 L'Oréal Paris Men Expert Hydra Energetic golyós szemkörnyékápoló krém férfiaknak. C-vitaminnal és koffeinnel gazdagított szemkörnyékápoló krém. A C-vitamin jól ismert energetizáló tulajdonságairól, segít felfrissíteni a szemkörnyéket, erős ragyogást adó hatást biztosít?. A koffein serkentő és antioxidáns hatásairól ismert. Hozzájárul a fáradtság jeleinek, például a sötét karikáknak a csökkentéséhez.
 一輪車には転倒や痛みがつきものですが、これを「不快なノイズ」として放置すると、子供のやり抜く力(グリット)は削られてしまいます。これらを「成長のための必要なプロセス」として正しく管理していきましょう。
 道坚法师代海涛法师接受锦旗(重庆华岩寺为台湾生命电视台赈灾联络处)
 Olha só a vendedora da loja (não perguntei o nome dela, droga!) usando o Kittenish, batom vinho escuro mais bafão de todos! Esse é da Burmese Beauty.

════════════════════

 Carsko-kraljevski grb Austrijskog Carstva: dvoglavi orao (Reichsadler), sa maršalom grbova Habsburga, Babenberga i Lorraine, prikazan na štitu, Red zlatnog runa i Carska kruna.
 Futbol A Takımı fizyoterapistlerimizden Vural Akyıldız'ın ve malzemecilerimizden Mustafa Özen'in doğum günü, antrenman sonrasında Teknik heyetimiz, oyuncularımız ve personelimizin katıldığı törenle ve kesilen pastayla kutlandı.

════════════════════

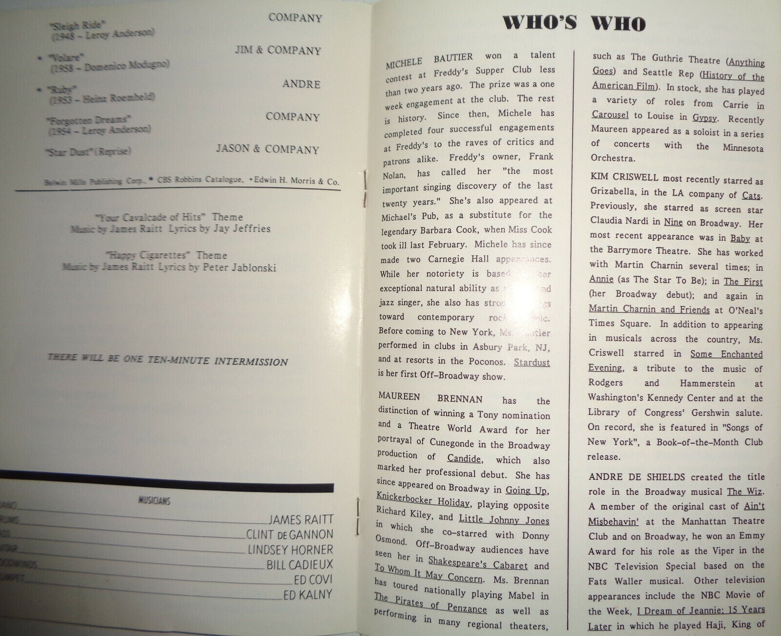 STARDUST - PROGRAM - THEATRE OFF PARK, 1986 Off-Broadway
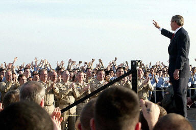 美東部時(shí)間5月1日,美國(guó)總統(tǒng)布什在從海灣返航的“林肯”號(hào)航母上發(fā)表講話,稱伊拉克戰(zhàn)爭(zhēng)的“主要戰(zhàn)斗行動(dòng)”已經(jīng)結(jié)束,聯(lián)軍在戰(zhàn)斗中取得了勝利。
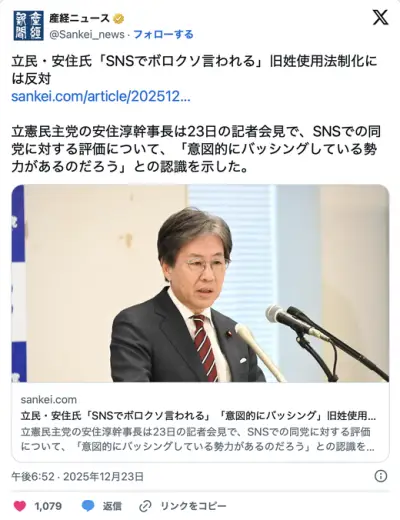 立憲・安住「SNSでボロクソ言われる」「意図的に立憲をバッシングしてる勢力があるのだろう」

════════════════════

Text only, no pictures: please print exactly the lines above from the line with "STARDUST - PROGRAM" up to and including the line with "立憲・安住「SNSでボロクソ", and nothing else.

**Solution to the problem:**
 STARDUST - PROGRAM - THEATRE OFF PARK, 1986 Off-Broadway
 美東部時(shí)間5月1日,美國(guó)總統(tǒng)布什在從海灣返航的“林肯”號(hào)航母上發(fā)表講話,稱伊拉克戰(zhàn)爭(zhēng)的“主要戰(zhàn)斗行動(dòng)”已經(jīng)結(jié)束,聯(lián)軍在戰(zhàn)斗中取得了勝利。
 立憲・安住「SNSでボロクソ言われる」「意図的に立憲をバッシングしてる勢力があるのだろう」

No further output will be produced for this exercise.